Introduction
This document describes how to troubleshoot JOINING
state issues with Cisco Policy Suite (CPS)-Diameter Routing Agent (DRA) Virtual Machine (VM).
Prerequisites
Requirements
Cisco recommends that you have knowledge of these topics:
Note: Cisco recommends that you must have privilege root access to CPS DRA CLI.
Components Used
The information in this document is based on these software and hardware versions:
- CPS-DRA 22.2
- Unified Computing System (UCS)-B
The information in this document was created from the devices in a specific lab environment. All of the devices used in this document started with a cleared (default) configuration.
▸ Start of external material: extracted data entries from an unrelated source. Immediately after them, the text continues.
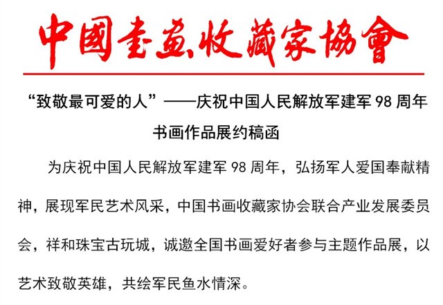 “致敬最可爱的人” ──庆祝中国人民解放军建军98周年书画作品展约稿函 ![]() |
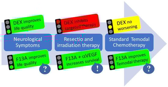 A common feature of primary CNS tumors is the formation of tumor-associated brain edema that will eventually lead to neurological symptoms [110]. Corticosteroids are the most commonly used agents in the management of tumor-associated brain edema [111,112]. Despite the application of the corticosteroid dexamethasone (DEX) for brain edema resolution, clinical attention is now raised on potential side effects including abnormal glucose metabolism, leukopenia, and pneumonia infections [113]. DEX is also applied upon tumor recurrence. Regardless of its obvious effects to alleviate the symptoms from cerebral vasogenic edema, the overall corticosteroid exposure appears to be an independent risk factor for lymphopenia-associated reduction in overall survival [114]. Furthermore, there is evidence that DEX can have cytoprotective effects on glioma cells in vitro [115] and compromise survival in glioblastoma models in vivo [116]. In other tumor entities, the promotion of cancer metastasis by glucocorticoids was also observed [117]. Corticosteroids induce apoptotic cell death in lymphocytes and may have unwanted effects on tumor-associated macrophages or myeloid-derived suppressor cells in GBM [115,118,119]. Edema management with DEX can thus counteract immunotherapies, including chimeric antigen receptor (CAR) T cells, vaccines, and immune checkpoint blockers [120,121,122,123,124]. Out of these reasons, there is a growing need to find alternatives for DEX therapy for edema management in GBM patients [120].
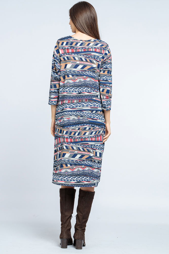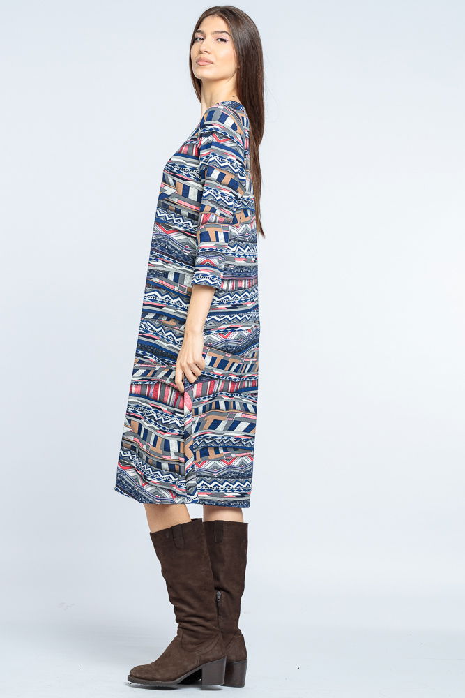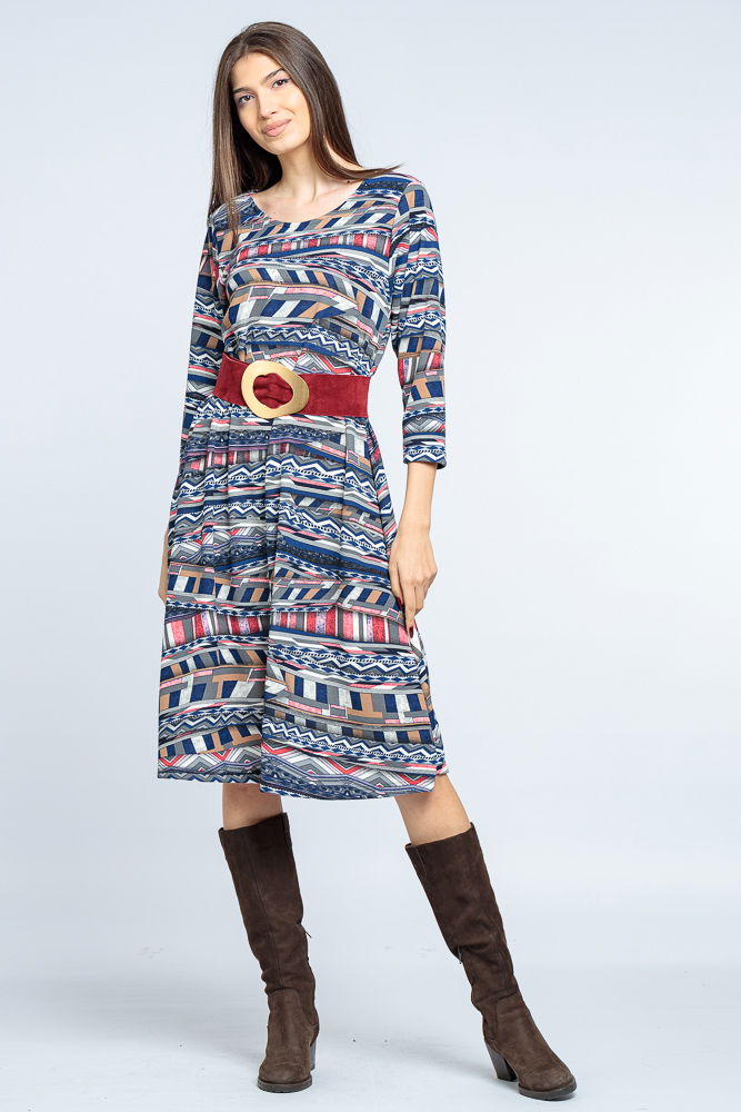 Pierino Rochie `A line` midi, imprimeu geometric liniar albastru-rosu
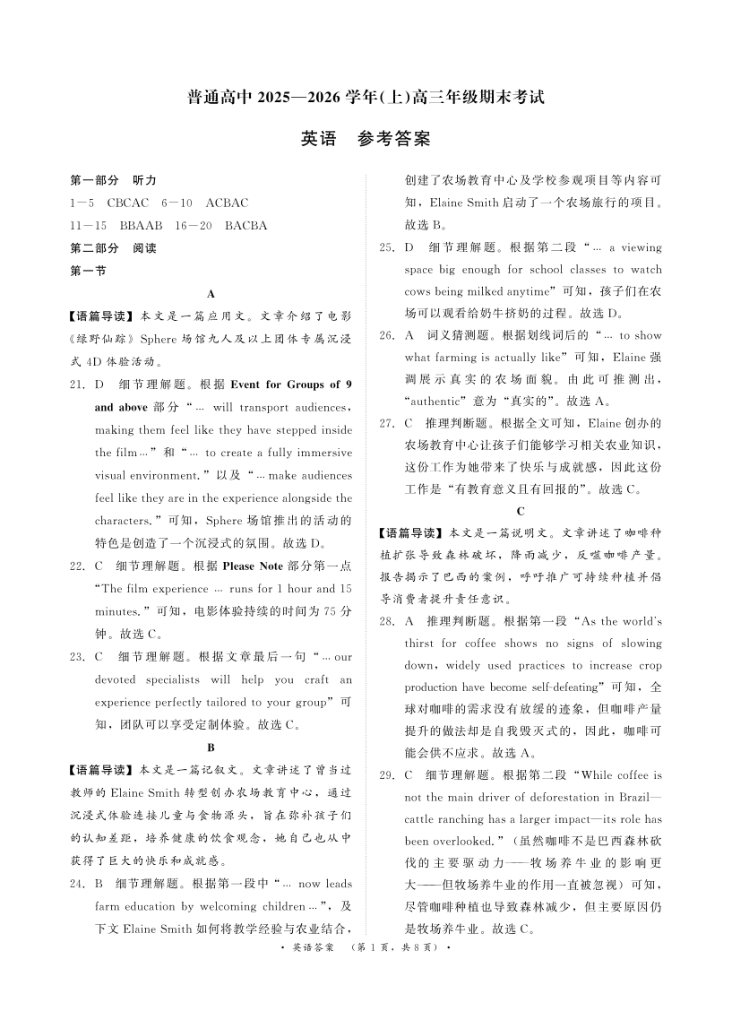 普通高中2025-2026学年(上)高三年级期末考试 英语答案.pdf
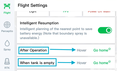 - You can now choose what the drone does after operation (Hover, or Go Home) and what the drone does when the tank is empty (Hover, or Go Home).
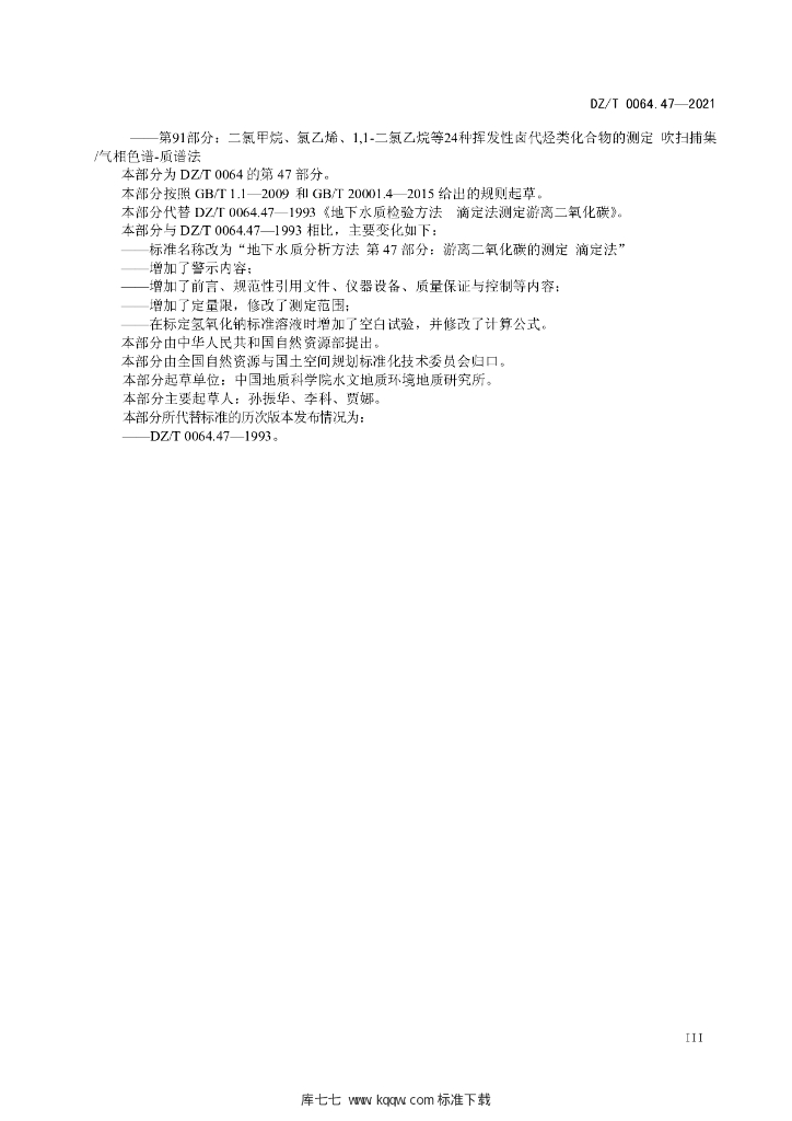 DZ/T 0064.47-2021 地下水质分析方法 第47部分:游离二氧化碳的测定 滴定法
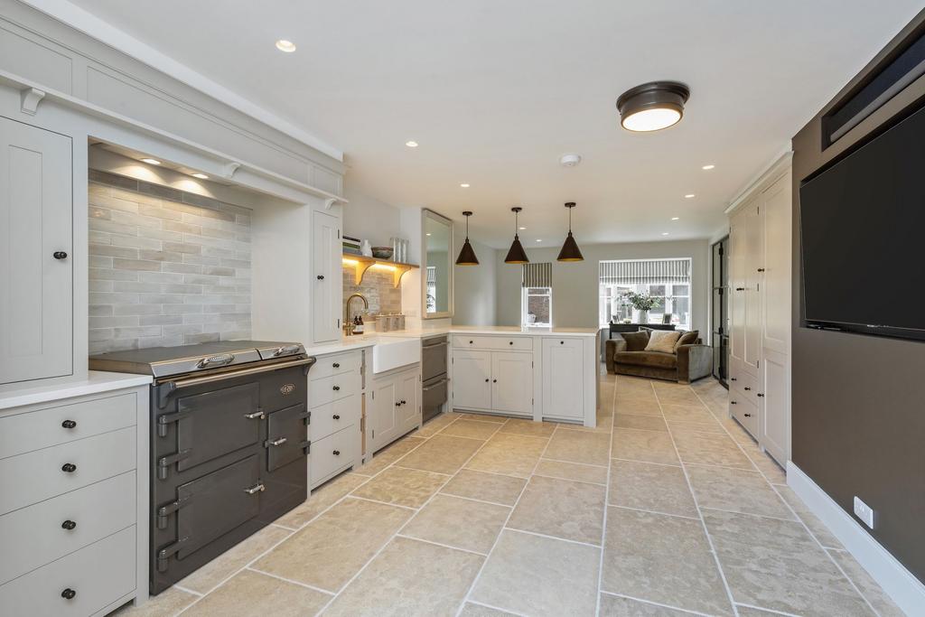 Upon entering, you’re welcomed into an interior-designed entrance hall featuring floor-to-ceiling Crittall-style glass doors, setting the tone for the exquisite design found throughout. This leads to a fabulous open-plan kitchen and living space, ideal for entertaining. The bespoke, hand-painted Neptune kitchen is finished in a classic in-frame Shaker style and boasts an array of integrated appliances and a stylish breakfast bar. This area opens out onto a private terrace, ideal for alfresco dining, with spectacular views of the castle, a truly magical spot to unwind or entertain.
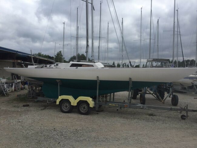 Chantier : Moinard, Année : 1988 Prix : 23 000 euros Coque polyester Pont en teck Remorque : Atlas double-essieux 1986 Equipements : Grand-Voile, Génois, Foc, spi dacron : Bon état Chaise moteur HB, spéciale pour requin Bouée fer à cheval Mouillage Amarres Araignée de GV Housse de GV Avirons Compas Girouette Intérieur refait à…
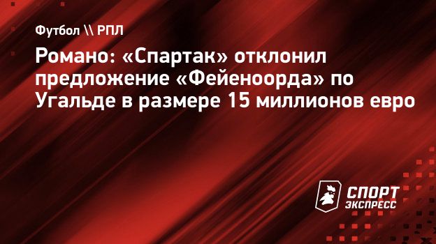 Романо: «Спартак» отклонил предложение «Фейеноорда» по Угальде в размере 15 миллионов евро
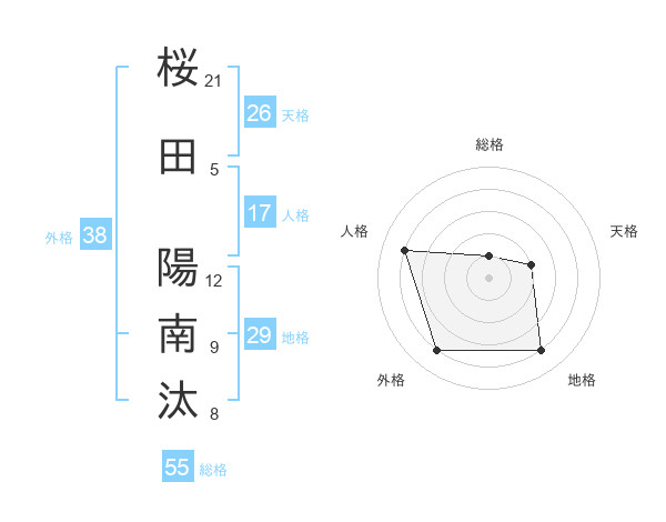 桜田 陽南汰さんを姓名の画数から五運を鑑定
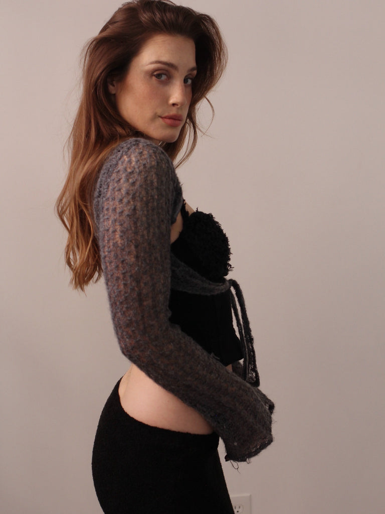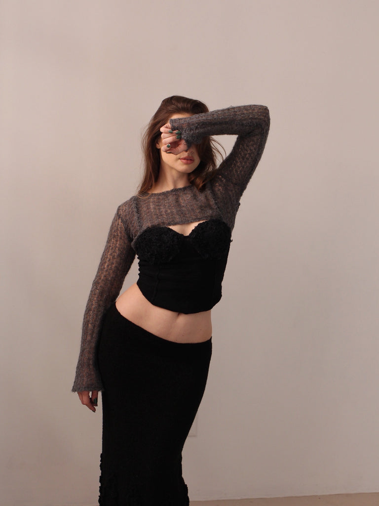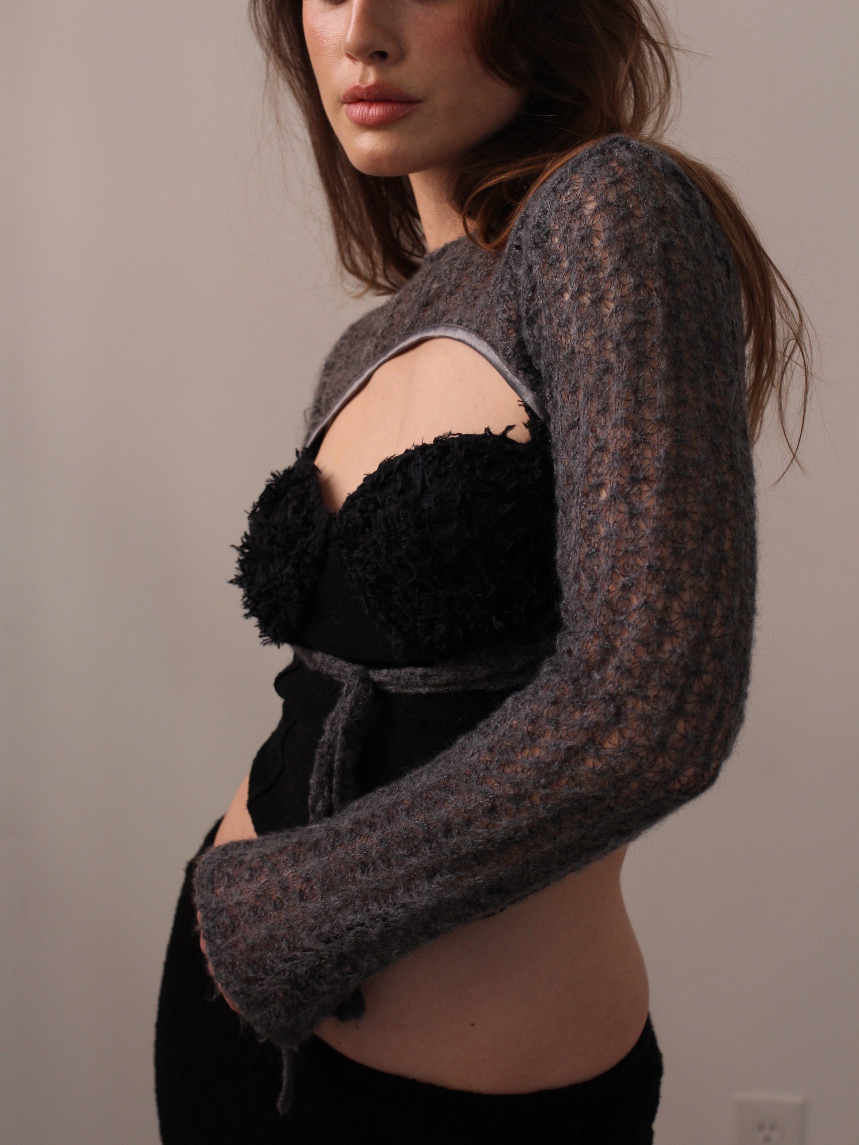 Vintage bebe (circa 2009) grey mohair blend shrug. Made in france. bell shape sleeves. Of course i had to see what it looked like backwards and it was gorgeous that way too. If you wanted to wear it that way, you would just need to carefully remove the tags.
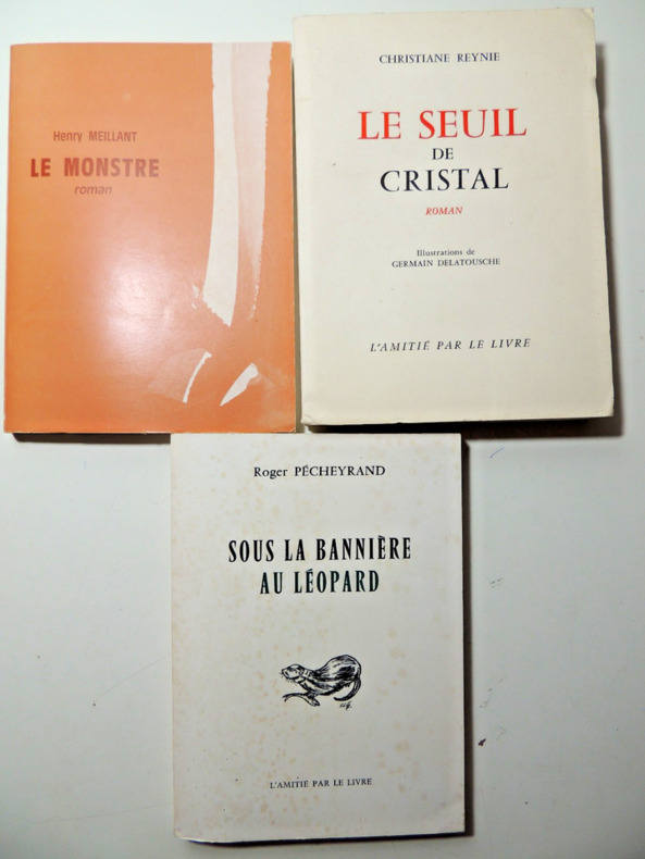 Lot de 10 volumes brochés, belle collection en état intérieur neuf, parfois numérotés avec la signature de l'auteur, 20x14cm. Marie Christine Brocherieux, Faim de lumière - Sigismond, les fortes têtes - Andrée Montero, Les persiennes - Vito, Frères Kabyles - Madeleine Mouget, les ombres de cinq heures - Florence Littré, Comme l'oiseau sur la branche - Françine Teneur, l'Amour à contrecoeur - Henri Frossard, Jean Marc et l'espérence Edition Amitié par le livre 1970/1980
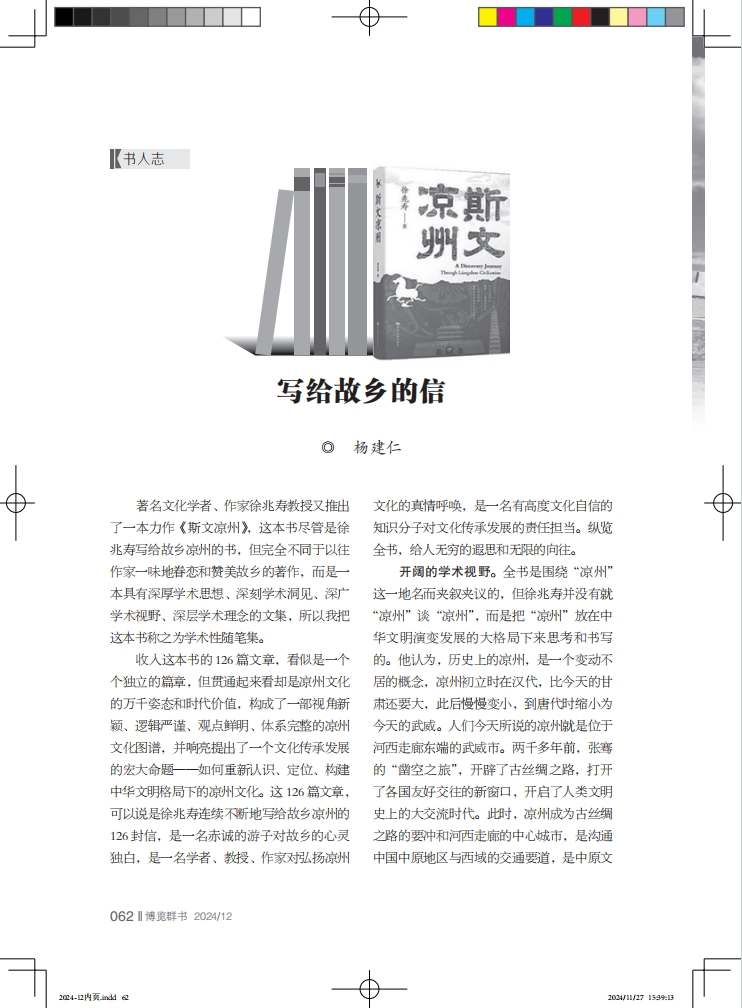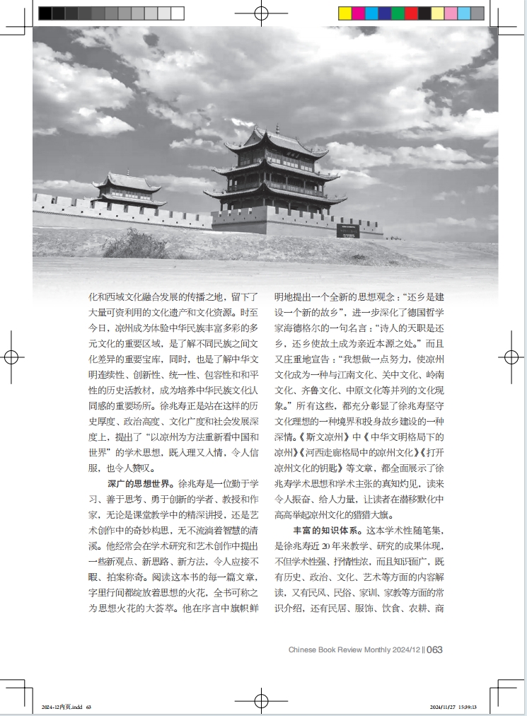收入這本書的126篇文章,看似是一個(gè)個(gè)獨(dú)立的篇章,但貫通起來看卻是涼州文化的萬千姿態(tài)和時(shí)代價(jià)值,構(gòu)成了一部視角新穎、邏輯嚴(yán)謹(jǐn)、觀點(diǎn)鮮明、體系完整的涼州文化圖譜,并響亮提出了一個(gè)文化傳承發(fā)展的宏大命題——如何重新認(rèn)識、定位、構(gòu)建中華文明格局下的涼州文化。這 126 篇文章,可以說是徐兆壽連續(xù)不斷地寫給故鄉(xiāng)涼州的126封信,是一名赤誠的游子對故鄉(xiāng)的心靈獨(dú)白,是一名學(xué)者、教授、作家對弘揚(yáng)涼州文化的真情呼喚,是一名有高度文化自信的知識分子對文化傳承發(fā)展的責(zé)任擔(dān)當(dāng)??v覽全書,給人無窮的遐思和無限的向往。

If your network is live, ensure that you understand the potential impact of any command.
Background Information
The CPS Virtual Diameter Routing Agent (vDRA) serves as the operational component within a network, guiding messages to their intended destination nodes through the utilization of routing algorithms.
The central role of CPS vDRA involves message routing and the subsequent transmission of responses to their original points of origin.
Comprising a collection of virtual machines (VMs) orchestrated as a cluster using Docker engines, CPS vDRA consists of distinct entities, namely Master, Control, Director, Distributor, and Worker VMs.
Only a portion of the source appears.